Гостей прибыло немерено, но они распределились по украшенной зале так, что многолюдье меня не душило и не смущало. Я следовала советам Нерезы: держалась Кинзии, которой приходилось терпеть меня и представлять гостям, улыбалась женщинам, и скромно опускала глазки, когда подходили мужчины. Впрочем, общаться со мной особого желания не выказывали: женщины моего возраста были все уже замужем и с детьми, и до меня не снисходили, девицы помладше тоже держались от меня подальше (а то как же, я ведь особа скандальная), юноши приглядывались, мужчины откровенно оценивали.
Мне бы воспользоваться этим да флиртовать вовсю с самыми симпатичными эньорами, но я не могла, потому что чувствовала себя не в своей тарелке и боялась сделать ошибку, которая могла бы мне дорого стоить. Как только кто-то любопытный и уже представленный подмечал, что я одна, и собирался подойти, я отходила к столу с закусками и налегала на сладкое. И вот так, жуя какие-нибудь крошечные слоеные пирожки или бутерброды с икрой, мне удавалось избегать лишних разговоров и наблюдать за сливками тоглуанского общества.
Сливки были самые разнообразные. Мужчины постарше, в основном пузатые и явно с завитыми волосами (эньору подражают?), кучковались в одной части залы, а их супруги, разряженные в платья желтых, красных, зеленых и прочих ярких цветов, разбились на группки в другой части и оживленно болтали. Несмотря на яркость и затейливость нарядов, количество аксессуаров, а также на невообразимую сложность причесок, они не могли затмить хозяйку вечера, Кинзию.
Она выделялась средь местных дамочек, как царственная птица-лебедь среди пестрой стайки ярких гомонящих попугайчиков. Она со всеми была вежлива и мила, но то была только вежливость и долг хозяйки. Вообще, наблюдая за Геллами, я заметила, что они, возглавляя общество, при том не кажутся его частью, выглядят несчастными, словно их вынуждают быть здесь со всеми этими людьми.
А вот Мариан так и светился; гости собирались вокруг него, словно их притягивала к нему особая сила – нежные девушки и взрослые женщины смотрели на него влюбленно, откровенно заглядывались, а юноши и мужчины стремились подойти, поговорить. Сизер был центром праздника, рядом с ним смеялись и улыбались.

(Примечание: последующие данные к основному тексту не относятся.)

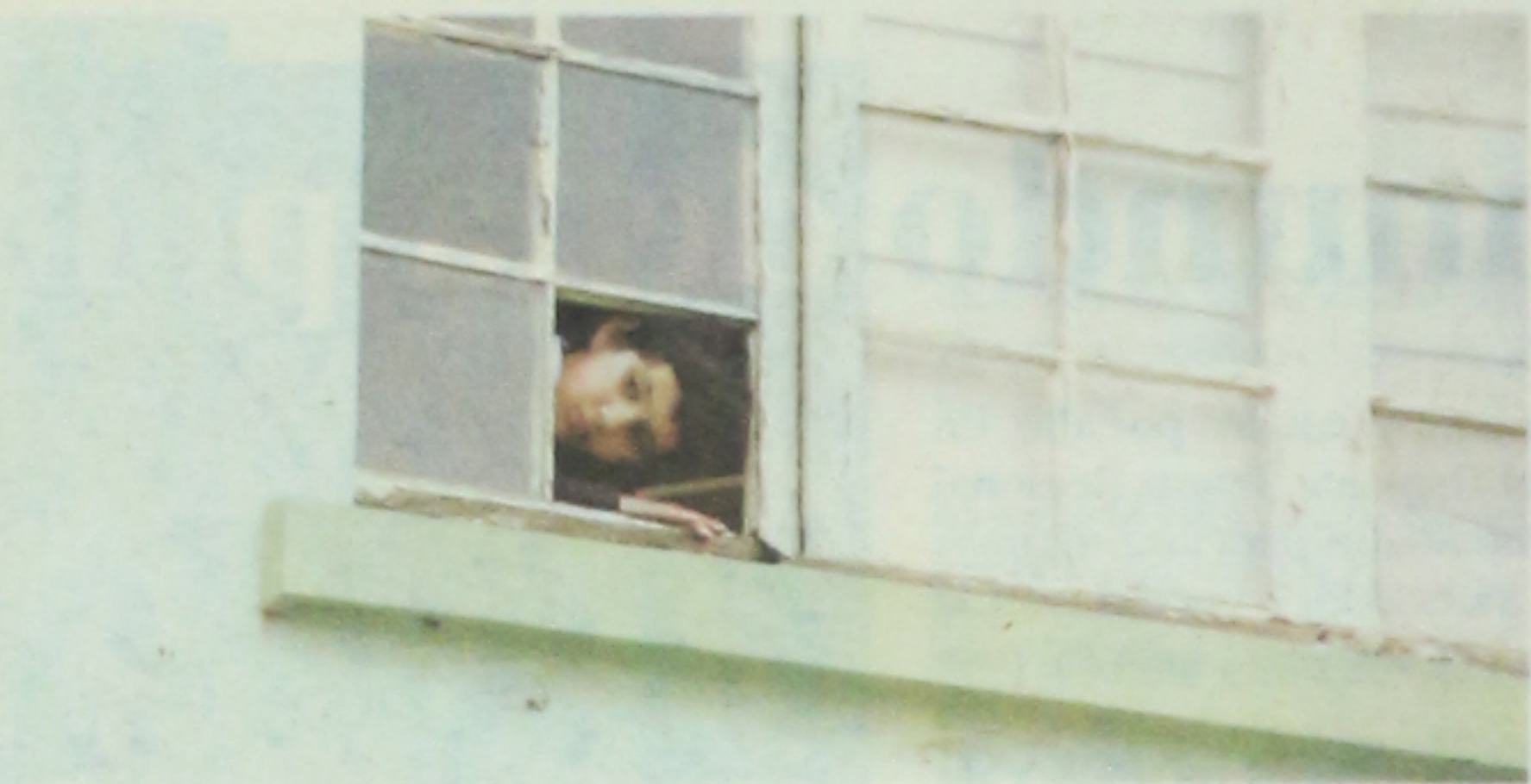
Mirando desde una ventana el terremoto cultural del siglo en Talca

Когда прибыла Гемма Террел вместе с тетушкой и сводницей Бонфилией Брумой, с большим опозданием, как принято по традиции, Сизер вышел к ней, взял за руку и подвел к камину, и там, у родового огня Геллов, объявил обществу, что отныне она – его невеста. Гемма от счастья вспыхнула огнем, вслед за ней вспыхнул и Мариан. Два пламени, застенчиво-приглушенное девичье и солнечно-яркое мужское, соединились в одно.
Гости зааплодировали, и общее пламя молодых стало выше, ярче.
Сначала я только губы поджимала, глядя на все это, ведь незадолго до помолвки на лестнице Мариан явно со мной заигрывал, но чем больше я смотрела на пламенную помолвку, тем незначительнее становились личности жениха и невесты и их отношения. Я стала видеть Мариана и Гемму как некий абстрактный идеал, как молодых красивых влюбленных, для которых все только началось.
Как же и мне хочется вот так загореться от счастья – не буквально, а фигурально, и как же хочется любить, быть любимой, чувствовать себя защищенной… Я ведь не настолько старая еще, чтобы мечтать о подобном?
— За бокалом лучше следите, эньора, — раздалось рядом со мной веселое.
Обернувшись, я увидела Бонфилию Бруму, и заметила, что бокал в моей руке сильно накренился и шампанское из него течет на пол. Я поставила почти пустой бокал на стол и снова стала смотреть на светящихся жениха и невесту.
— Красивейшая пара, верно? — с гордостью сказала Брума. — Уж я-то знаю в этом толк… Кстати, милочка, вы тоже не грустите, ваше счастье уже близко.
Я недоуменно посмотрела на сводницу. Та кивком указала мне на мужчину, который шел в моем направлении через весь зал.
— Я бы и сама не могла сделать лучший выбор! — заявила сводница. — Наш владетель выбрал для вас прекрасного человека, своего доверенного. Эньор Дарио Верник мастер огня, он отлично владеет великим искусством. Надежен, как скала, умен и силен. С таким мужчиной ничего не страшно!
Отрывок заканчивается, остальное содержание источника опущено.